* Exercise
Would you please retype, exactly, the lines of the listing below between the line with "回到公众平台添加菜单,类型选择跳转小程序,然后选择已关联的小程序" and the line with "Although unconscious bias", inclusive?

┌──

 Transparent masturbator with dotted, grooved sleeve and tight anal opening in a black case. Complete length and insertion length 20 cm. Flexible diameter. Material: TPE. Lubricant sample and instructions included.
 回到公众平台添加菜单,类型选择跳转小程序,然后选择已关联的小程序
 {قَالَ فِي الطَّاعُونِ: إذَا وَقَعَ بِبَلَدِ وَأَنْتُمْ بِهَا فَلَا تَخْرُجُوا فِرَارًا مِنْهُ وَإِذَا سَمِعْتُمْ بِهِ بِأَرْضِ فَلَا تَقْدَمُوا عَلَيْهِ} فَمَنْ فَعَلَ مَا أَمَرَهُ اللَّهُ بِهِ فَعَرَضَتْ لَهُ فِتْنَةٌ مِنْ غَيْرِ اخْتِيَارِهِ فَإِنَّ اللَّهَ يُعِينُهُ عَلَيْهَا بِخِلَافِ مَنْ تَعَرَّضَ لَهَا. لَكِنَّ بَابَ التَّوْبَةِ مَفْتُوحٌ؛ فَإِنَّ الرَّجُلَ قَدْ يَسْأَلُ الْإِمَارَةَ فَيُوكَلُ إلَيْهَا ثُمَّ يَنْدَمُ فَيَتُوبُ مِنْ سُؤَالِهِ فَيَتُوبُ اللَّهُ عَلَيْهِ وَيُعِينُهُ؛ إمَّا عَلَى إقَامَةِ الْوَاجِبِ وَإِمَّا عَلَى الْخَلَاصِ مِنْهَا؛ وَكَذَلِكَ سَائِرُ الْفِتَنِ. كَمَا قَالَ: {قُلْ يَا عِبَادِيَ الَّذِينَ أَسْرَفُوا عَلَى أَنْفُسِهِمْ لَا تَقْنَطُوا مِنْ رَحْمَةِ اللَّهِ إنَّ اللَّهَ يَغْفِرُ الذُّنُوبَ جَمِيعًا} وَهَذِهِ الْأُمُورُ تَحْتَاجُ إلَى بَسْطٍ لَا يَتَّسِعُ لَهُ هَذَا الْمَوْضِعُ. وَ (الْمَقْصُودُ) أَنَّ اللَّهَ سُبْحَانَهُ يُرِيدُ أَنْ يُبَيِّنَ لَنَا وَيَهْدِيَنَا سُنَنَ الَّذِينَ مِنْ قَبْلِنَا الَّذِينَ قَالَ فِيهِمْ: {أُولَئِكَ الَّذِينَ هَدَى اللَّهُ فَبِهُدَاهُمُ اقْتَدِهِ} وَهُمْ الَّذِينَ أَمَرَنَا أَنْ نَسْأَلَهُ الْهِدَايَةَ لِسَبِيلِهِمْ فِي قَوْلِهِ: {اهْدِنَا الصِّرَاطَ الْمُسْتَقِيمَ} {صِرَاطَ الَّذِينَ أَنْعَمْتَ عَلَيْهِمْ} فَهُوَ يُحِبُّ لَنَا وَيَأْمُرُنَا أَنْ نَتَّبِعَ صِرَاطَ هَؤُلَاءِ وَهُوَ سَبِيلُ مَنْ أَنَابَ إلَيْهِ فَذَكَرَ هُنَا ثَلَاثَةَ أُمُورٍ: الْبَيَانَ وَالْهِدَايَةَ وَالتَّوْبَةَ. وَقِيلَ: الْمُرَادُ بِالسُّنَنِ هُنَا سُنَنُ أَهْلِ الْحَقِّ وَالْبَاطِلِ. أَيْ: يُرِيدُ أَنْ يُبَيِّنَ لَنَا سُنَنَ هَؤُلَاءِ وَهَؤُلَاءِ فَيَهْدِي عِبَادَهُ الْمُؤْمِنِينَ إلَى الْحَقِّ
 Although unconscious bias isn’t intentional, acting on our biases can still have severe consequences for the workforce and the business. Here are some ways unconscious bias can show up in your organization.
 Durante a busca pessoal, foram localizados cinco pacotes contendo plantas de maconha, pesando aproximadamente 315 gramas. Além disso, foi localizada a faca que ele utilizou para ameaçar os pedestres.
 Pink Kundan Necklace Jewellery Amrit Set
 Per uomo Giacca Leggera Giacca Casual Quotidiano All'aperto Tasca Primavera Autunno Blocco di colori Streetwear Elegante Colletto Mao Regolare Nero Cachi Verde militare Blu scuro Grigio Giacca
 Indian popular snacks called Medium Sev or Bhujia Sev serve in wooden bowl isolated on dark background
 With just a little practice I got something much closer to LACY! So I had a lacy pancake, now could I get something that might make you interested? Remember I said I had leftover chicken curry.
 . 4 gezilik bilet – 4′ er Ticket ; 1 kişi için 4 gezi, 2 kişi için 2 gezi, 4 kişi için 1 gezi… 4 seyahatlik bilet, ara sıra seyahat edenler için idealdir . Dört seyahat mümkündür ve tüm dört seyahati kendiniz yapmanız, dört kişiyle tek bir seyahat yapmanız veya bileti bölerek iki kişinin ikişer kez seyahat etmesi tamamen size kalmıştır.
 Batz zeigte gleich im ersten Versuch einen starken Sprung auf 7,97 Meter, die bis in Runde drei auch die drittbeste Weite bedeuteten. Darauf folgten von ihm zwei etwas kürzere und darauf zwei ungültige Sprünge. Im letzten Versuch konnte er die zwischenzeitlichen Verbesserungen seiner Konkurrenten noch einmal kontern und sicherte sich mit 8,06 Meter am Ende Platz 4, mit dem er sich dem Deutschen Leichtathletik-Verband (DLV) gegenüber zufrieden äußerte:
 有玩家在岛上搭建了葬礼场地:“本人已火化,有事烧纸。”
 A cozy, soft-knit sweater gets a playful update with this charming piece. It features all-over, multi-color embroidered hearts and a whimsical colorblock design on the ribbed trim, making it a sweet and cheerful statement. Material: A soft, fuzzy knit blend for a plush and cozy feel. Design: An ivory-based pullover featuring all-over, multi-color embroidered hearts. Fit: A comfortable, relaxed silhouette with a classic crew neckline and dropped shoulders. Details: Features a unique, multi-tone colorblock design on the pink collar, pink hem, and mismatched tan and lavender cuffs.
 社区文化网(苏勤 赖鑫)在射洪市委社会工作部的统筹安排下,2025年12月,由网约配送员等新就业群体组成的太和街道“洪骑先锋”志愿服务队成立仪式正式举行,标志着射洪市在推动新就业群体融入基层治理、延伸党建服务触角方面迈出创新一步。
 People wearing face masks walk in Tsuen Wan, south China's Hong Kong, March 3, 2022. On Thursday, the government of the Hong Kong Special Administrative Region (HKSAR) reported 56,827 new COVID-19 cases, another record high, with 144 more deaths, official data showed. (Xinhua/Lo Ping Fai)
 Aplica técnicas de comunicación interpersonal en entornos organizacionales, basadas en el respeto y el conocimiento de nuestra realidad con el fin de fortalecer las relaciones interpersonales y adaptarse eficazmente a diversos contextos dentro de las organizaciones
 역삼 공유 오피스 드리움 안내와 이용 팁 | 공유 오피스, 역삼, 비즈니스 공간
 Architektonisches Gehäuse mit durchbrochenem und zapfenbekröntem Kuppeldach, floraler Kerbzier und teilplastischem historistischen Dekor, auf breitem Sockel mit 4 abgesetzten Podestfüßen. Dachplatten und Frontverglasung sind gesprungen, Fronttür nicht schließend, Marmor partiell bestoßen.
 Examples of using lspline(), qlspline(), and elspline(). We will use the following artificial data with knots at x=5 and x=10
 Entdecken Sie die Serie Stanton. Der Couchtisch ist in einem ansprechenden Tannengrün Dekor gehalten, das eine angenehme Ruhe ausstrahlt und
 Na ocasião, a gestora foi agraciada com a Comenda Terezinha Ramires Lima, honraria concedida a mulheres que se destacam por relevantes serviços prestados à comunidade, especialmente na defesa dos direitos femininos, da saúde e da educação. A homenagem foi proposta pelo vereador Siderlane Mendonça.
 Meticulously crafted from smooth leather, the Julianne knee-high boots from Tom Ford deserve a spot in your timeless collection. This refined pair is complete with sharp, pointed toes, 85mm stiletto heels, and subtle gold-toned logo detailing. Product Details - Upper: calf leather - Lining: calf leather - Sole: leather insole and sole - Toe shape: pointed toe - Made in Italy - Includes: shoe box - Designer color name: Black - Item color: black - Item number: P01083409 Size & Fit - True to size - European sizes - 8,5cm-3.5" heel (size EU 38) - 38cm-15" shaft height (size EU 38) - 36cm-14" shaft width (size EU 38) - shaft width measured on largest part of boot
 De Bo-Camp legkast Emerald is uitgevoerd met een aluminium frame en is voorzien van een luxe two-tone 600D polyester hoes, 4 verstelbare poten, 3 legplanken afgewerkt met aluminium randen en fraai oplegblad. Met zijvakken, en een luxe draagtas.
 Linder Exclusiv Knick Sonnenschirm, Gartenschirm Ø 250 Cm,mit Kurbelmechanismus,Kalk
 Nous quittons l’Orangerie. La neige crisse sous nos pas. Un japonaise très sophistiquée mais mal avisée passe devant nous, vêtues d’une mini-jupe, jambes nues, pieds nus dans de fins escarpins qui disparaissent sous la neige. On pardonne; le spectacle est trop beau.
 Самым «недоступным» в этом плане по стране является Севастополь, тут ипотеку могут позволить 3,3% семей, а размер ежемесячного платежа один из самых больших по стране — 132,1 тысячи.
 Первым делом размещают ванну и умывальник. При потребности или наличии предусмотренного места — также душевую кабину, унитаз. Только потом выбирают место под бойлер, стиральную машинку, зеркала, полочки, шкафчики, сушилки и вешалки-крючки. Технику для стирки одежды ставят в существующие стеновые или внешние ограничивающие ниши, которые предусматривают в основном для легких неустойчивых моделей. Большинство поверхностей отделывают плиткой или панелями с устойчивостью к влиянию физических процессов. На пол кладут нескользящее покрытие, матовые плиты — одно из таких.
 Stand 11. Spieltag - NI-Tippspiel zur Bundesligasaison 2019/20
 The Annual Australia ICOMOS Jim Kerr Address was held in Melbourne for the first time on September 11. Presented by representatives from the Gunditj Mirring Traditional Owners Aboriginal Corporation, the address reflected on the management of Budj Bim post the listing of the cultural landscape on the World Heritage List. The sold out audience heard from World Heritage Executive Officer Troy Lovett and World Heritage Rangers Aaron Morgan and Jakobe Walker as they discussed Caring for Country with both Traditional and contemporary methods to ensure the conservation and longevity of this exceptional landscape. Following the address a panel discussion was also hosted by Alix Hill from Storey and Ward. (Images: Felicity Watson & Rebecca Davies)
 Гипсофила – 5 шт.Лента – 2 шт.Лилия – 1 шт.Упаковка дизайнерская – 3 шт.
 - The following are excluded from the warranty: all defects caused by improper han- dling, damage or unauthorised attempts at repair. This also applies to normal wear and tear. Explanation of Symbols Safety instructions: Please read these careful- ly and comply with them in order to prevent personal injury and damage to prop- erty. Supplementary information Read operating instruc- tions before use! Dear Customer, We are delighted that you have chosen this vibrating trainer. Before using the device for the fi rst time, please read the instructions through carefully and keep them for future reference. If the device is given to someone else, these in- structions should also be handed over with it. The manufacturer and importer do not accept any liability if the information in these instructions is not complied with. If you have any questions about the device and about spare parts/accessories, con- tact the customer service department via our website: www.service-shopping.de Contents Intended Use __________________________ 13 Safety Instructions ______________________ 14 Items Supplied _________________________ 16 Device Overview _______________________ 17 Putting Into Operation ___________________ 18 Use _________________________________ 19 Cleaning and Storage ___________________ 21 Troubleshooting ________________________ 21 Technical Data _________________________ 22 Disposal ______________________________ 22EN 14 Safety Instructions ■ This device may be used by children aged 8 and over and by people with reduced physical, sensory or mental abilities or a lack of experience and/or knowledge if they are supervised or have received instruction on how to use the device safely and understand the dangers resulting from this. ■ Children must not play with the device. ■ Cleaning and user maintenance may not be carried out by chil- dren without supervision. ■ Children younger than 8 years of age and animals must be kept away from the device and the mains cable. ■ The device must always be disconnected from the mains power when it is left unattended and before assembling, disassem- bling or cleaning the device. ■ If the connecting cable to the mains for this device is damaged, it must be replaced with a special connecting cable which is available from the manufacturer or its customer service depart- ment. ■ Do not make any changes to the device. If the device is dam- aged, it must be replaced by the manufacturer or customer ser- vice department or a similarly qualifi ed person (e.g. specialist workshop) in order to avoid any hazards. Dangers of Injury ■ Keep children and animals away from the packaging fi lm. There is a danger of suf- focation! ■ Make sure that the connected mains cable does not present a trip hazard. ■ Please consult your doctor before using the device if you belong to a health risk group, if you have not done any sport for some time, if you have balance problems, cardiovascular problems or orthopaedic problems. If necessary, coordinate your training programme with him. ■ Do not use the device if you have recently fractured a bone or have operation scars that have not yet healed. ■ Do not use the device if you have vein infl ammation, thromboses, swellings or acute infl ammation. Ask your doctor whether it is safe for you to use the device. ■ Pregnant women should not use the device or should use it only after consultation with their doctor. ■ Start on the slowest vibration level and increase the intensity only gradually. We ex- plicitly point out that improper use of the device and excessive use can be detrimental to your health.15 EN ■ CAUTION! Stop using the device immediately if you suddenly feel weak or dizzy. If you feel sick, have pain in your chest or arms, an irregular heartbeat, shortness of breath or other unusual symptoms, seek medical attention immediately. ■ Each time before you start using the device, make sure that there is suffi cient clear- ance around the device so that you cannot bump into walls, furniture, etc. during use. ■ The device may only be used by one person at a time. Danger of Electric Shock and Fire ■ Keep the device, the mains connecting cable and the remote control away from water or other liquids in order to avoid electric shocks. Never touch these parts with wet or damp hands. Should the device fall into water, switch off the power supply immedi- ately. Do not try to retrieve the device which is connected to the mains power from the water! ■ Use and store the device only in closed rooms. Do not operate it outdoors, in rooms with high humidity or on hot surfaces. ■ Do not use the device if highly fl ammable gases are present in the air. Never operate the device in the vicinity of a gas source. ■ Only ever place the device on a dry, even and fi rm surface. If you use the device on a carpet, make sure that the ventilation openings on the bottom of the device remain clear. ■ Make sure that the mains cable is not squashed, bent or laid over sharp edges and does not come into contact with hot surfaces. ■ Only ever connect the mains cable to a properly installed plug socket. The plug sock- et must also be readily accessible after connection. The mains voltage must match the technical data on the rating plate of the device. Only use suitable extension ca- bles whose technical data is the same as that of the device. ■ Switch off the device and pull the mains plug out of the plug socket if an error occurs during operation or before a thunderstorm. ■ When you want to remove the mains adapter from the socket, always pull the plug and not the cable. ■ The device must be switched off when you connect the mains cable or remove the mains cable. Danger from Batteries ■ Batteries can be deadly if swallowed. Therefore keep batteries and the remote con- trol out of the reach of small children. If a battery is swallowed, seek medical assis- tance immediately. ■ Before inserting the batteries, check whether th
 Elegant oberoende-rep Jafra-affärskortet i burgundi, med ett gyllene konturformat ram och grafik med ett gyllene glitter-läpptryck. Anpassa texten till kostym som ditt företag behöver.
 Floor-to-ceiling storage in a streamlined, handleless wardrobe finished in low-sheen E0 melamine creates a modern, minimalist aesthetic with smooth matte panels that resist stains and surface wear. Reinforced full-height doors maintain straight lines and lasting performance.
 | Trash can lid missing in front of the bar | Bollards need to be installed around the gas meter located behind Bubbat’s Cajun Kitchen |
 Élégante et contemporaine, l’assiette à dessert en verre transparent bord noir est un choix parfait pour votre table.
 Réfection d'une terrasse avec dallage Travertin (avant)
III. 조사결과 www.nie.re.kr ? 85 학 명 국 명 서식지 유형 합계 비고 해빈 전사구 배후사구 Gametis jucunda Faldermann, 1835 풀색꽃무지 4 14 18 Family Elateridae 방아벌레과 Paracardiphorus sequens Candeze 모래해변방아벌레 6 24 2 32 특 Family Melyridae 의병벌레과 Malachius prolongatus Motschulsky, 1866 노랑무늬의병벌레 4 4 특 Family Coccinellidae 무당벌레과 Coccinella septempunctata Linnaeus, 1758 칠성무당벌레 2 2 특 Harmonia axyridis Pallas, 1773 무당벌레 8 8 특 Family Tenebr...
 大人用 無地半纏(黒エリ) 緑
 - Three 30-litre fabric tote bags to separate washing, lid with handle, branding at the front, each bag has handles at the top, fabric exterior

└──

* Solution for this task
 回到公众平台添加菜单,类型选择跳转小程序,然后选择已关联的小程序
 {قَالَ فِي الطَّاعُونِ: إذَا وَقَعَ بِبَلَدِ وَأَنْتُمْ بِهَا فَلَا تَخْرُجُوا فِرَارًا مِنْهُ وَإِذَا سَمِعْتُمْ بِهِ بِأَرْضِ فَلَا تَقْدَمُوا عَلَيْهِ} فَمَنْ فَعَلَ مَا أَمَرَهُ اللَّهُ بِهِ فَعَرَضَتْ لَهُ فِتْنَةٌ مِنْ غَيْرِ اخْتِيَارِهِ فَإِنَّ اللَّهَ يُعِينُهُ عَلَيْهَا بِخِلَافِ مَنْ تَعَرَّضَ لَهَا. لَكِنَّ بَابَ التَّوْبَةِ مَفْتُوحٌ؛ فَإِنَّ الرَّجُلَ قَدْ يَسْأَلُ الْإِمَارَةَ فَيُوكَلُ إلَيْهَا ثُمَّ يَنْدَمُ فَيَتُوبُ مِنْ سُؤَالِهِ فَيَتُوبُ اللَّهُ عَلَيْهِ وَيُعِينُهُ؛ إمَّا عَلَى إقَامَةِ الْوَاجِبِ وَإِمَّا عَلَى الْخَلَاصِ مِنْهَا؛ وَكَذَلِكَ سَائِرُ الْفِتَنِ. كَمَا قَالَ: {قُلْ يَا عِبَادِيَ الَّذِينَ أَسْرَفُوا عَلَى أَنْفُسِهِمْ لَا تَقْنَطُوا مِنْ رَحْمَةِ اللَّهِ إنَّ اللَّهَ يَغْفِرُ الذُّنُوبَ جَمِيعًا} وَهَذِهِ الْأُمُورُ تَحْتَاجُ إلَى بَسْطٍ لَا يَتَّسِعُ لَهُ هَذَا الْمَوْضِعُ. وَ (الْمَقْصُودُ) أَنَّ اللَّهَ سُبْحَانَهُ يُرِيدُ أَنْ يُبَيِّنَ لَنَا وَيَهْدِيَنَا سُنَنَ الَّذِينَ مِنْ قَبْلِنَا الَّذِينَ قَالَ فِيهِمْ: {أُولَئِكَ الَّذِينَ هَدَى اللَّهُ فَبِهُدَاهُمُ اقْتَدِهِ} وَهُمْ الَّذِينَ أَمَرَنَا أَنْ نَسْأَلَهُ الْهِدَايَةَ لِسَبِيلِهِمْ فِي قَوْلِهِ: {اهْدِنَا الصِّرَاطَ الْمُسْتَقِيمَ} {صِرَاطَ الَّذِينَ أَنْعَمْتَ عَلَيْهِمْ} فَهُوَ يُحِبُّ لَنَا وَيَأْمُرُنَا أَنْ نَتَّبِعَ صِرَاطَ هَؤُلَاءِ وَهُوَ سَبِيلُ مَنْ أَنَابَ إلَيْهِ فَذَكَرَ هُنَا ثَلَاثَةَ أُمُورٍ: الْبَيَانَ وَالْهِدَايَةَ وَالتَّوْبَةَ. وَقِيلَ: الْمُرَادُ بِالسُّنَنِ هُنَا سُنَنُ أَهْلِ الْحَقِّ وَالْبَاطِلِ. أَيْ: يُرِيدُ أَنْ يُبَيِّنَ لَنَا سُنَنَ هَؤُلَاءِ وَهَؤُلَاءِ فَيَهْدِي عِبَادَهُ الْمُؤْمِنِينَ إلَى الْحَقِّ
 Although unconscious bias isn’t intentional, acting on our biases can still have severe consequences for the workforce and the business. Here are some ways unconscious bias can show up in your organization.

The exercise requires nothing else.